New Zealand National Party politician (born 1993 or 1994)

Angee Ngatokoono Nicholas (born ) is a New Zealand lawyer and politician.

==Early life and career==
Nicholas was born in Rarotonga in 1993 or 1994. She moved to New Zealand as a child, growing up in Te Atatū and attending Ranui Primary School and St Dominic's Catholic College. She went on to receive a Bachelor of Laws from the Auckland University of Technology, and worked for some National Party politicians in their non-Parliament offices, including Nikki Kaye. Nicholas then worked as an in-house lawyer for the Pacific investigation portion of the Royal Commission of Inquiry into Abuse in Care. Nicholas has also worked as a company director, and as owner/operator of her family's Auckland-based security firm.

==Political career==
On 11 December 2022, Nicholas was announced as the National Party candidate for Te Atatū in the 2023 New Zealand general election.

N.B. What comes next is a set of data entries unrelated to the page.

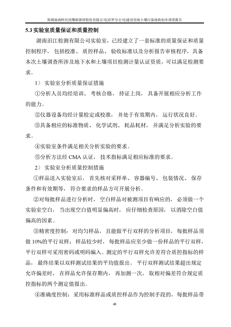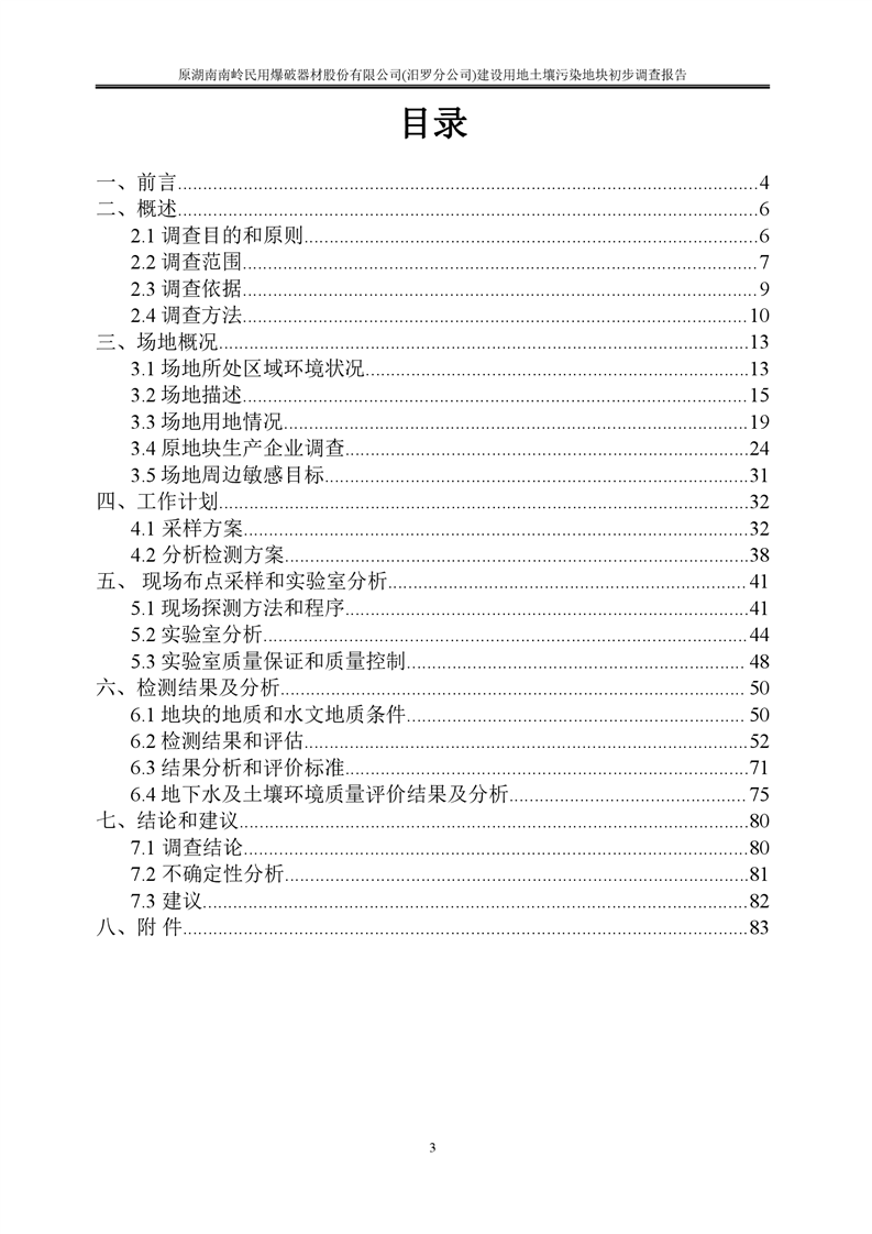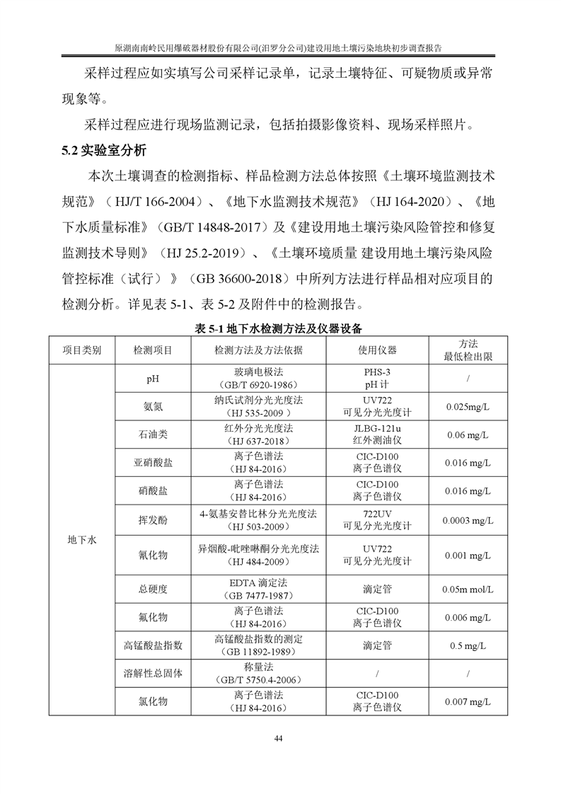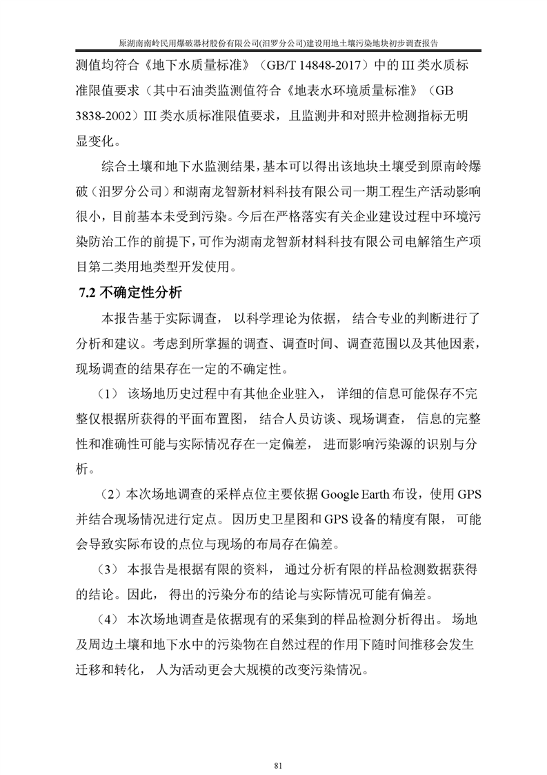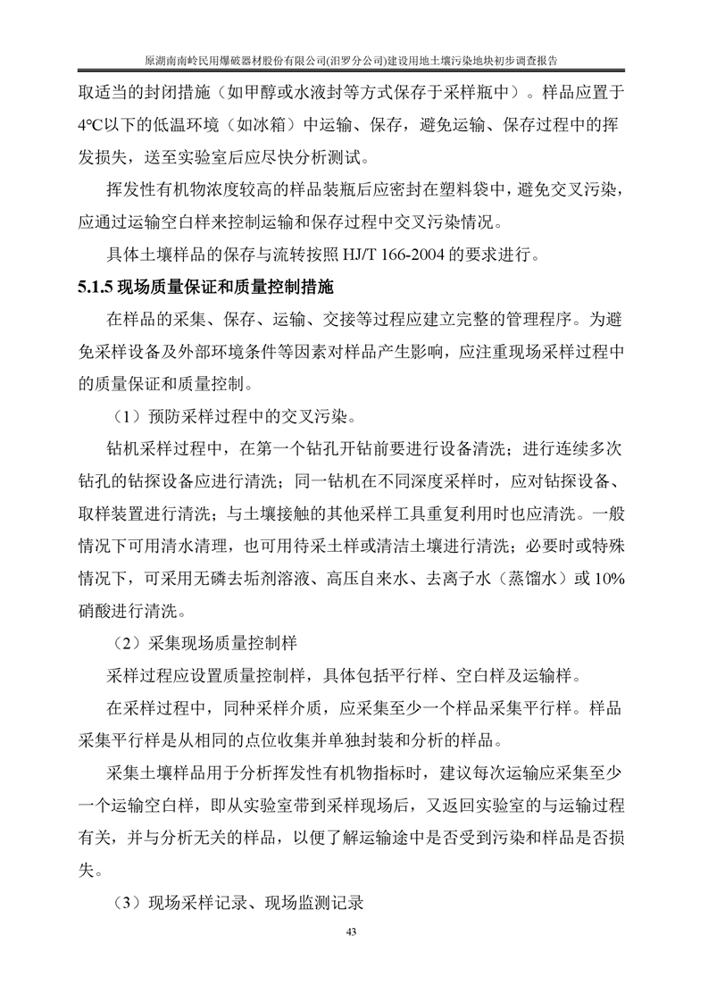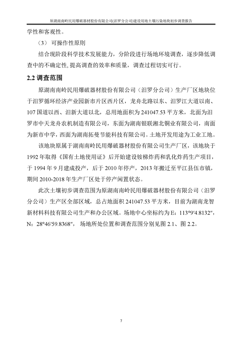 原湖南南岭民用爆破器材股份有限公司场地初步调查报告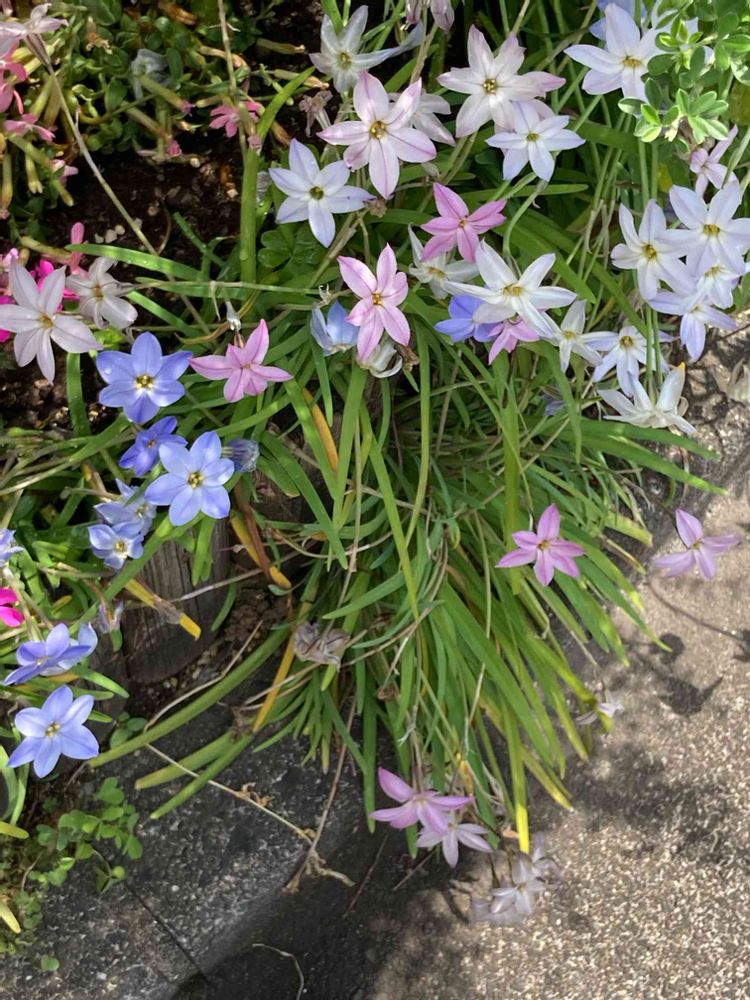 何か可愛い、色んな色のハナニラが一緒に見える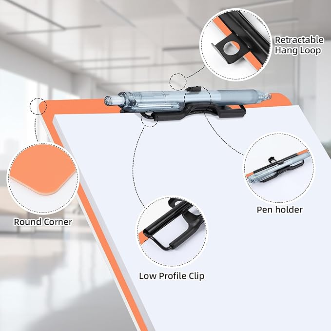 - Retractable Hanging Ring: The hanging clipboard has a retractable hanging ring on the top for easy access, you can hang it up to display the contents of your clipboard or hang it on the wall when not in use to save storage space. The low profile clip is ideal for stacked storage.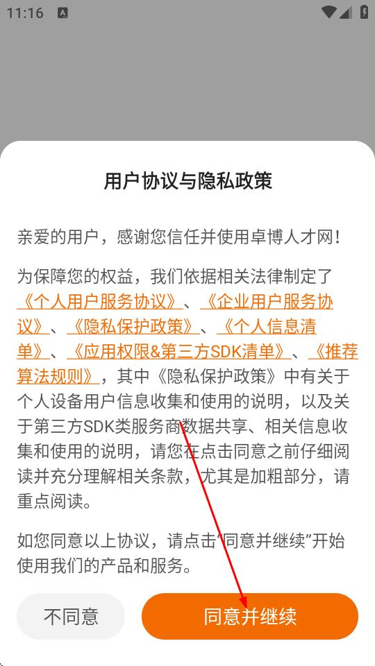1、打开卓博人才网APP,在弹出的用户协议与隐私政策页面,点击同意并继续。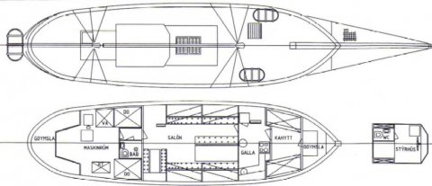Indretning: Salong, kahyt m. i alt 12 køjer, kabys, 2 toiletter/bad, motorrum. Styrhus med de mest moderne instrumenter inden for navigationsudstyr.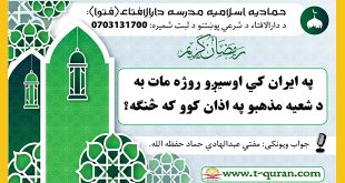 نور لوستلد روژې د رارسېدو په مناسبت د تعلیم القرآن راډیو او حمادیه مدرسې د مؤسس د مبارکۍ پيغام!(۱۴۴۲هـ ش)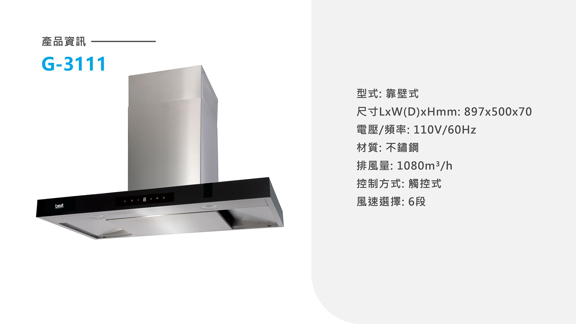 ONE TOUCH智能分離式倒T抽油煙機G-3111

The preliminary result on election night showed Nicholas to have received 11,171 votes, ahead of incumbent Labour MP Phil Twyford by 30. If elected, Nicholas would have been National's only Pasifika MP and she expressed interest in holding the position of Minister for Pacific Peoples. The official result showed that Twyford retained the electorate by 131 votes. Nicholas had been placed at 39th on the party list, too low to be returned as a list MP.

Nicholas was selected as National's candidate for the new electorate of Henderson in the 2026 general election.